The first one, as you did, is to set $f(x)=t$, to use the classical expansion of $e^t$ and later, just as quasi commented, replace $t$ by its series expansion. This would give $$e^{f(x)}=e^{f(0)}+e^{f(0)} f'(0)\,x+\frac{1}{2} e^{f(0)} \left(f''(0)+f'(0)^2\right)\,x^2+\frac{1}{6} e^{f(0)} \left(f'''(0)+f'(0)^3+3 f'(0) f''(0)\right)\,x^3+O\left(x^4\right)$$ The other way is to use the expansion $$f(x)=f(0)+ f'(0)\,x+\frac{1}{2} f''(0)\,x^2+\frac{1}{6} f'''(0) \,x^3+O\left(x^4\right)$$ Name the above $t$ and use the expansion of $e^t$ for the same result.
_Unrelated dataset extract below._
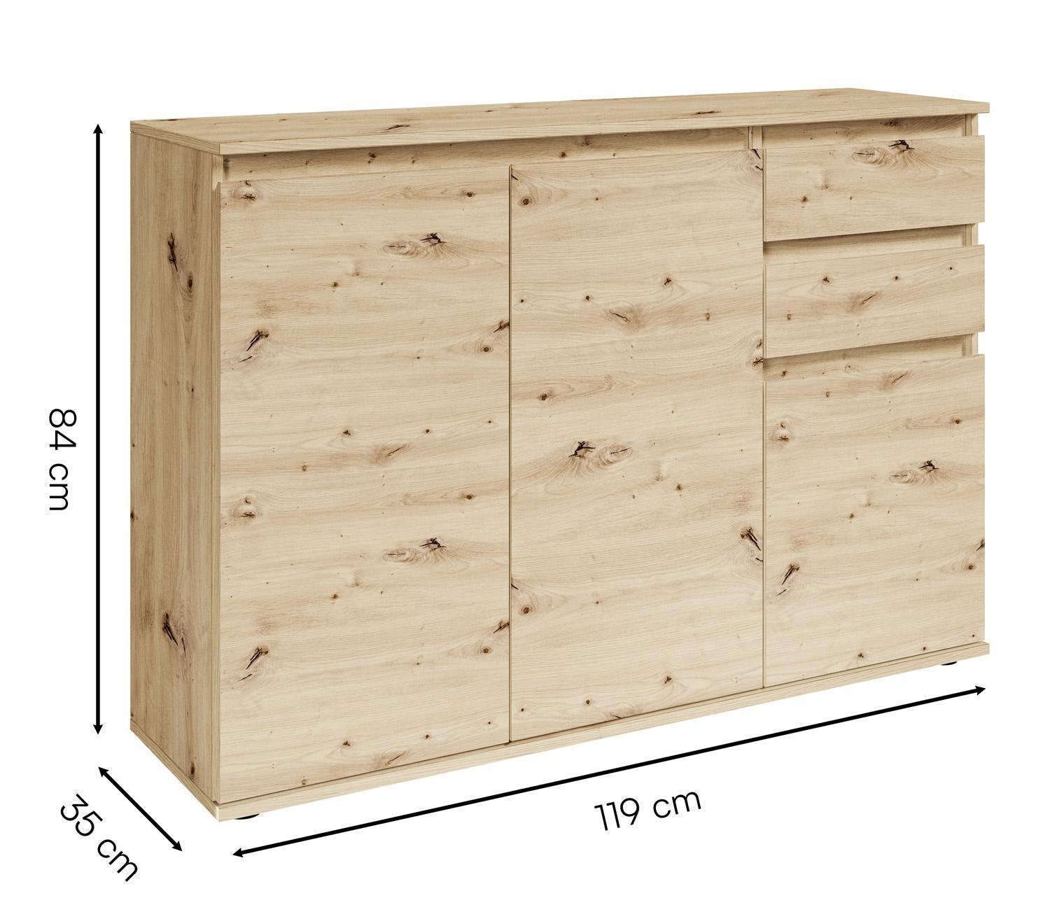 Die Kommode BERKO ist in Artisan Eiche Dekor ausgeführt und verfügt über ein griffloses Design. Sie ist mit zwei Schubladen und drei Türen ausgestattet, hinter denen sich ein nicht höhenverstellbarer Einlegeboden befindet. Die Kommode hat eine Breite von 119 cm, eine Höhe von 84 cm und eine Tiefe von 35 cm.

Applying it to $f(x)=\sin(x)$ both would lead to $$e^{\sin(x)}=1+x+\frac{x^2}{2}-\frac{x^4}{8}-\frac{x^5}{15}-\frac{x^6}{240}+O\left(x^7\right)$$ Just for the fun, use it for $x=\frac \pi 6$. This would give $$\sqrt e=1+\frac{\pi }{6}+\frac{\pi ^2}{72}-\frac{\pi ^4}{10368}-\frac{\pi ^5}{116640}-\frac{\pi ^6}{11197440}+\cdots$$ The rhs is $\approx 1.64857$ while $\sqrt e\approx 1.64872$.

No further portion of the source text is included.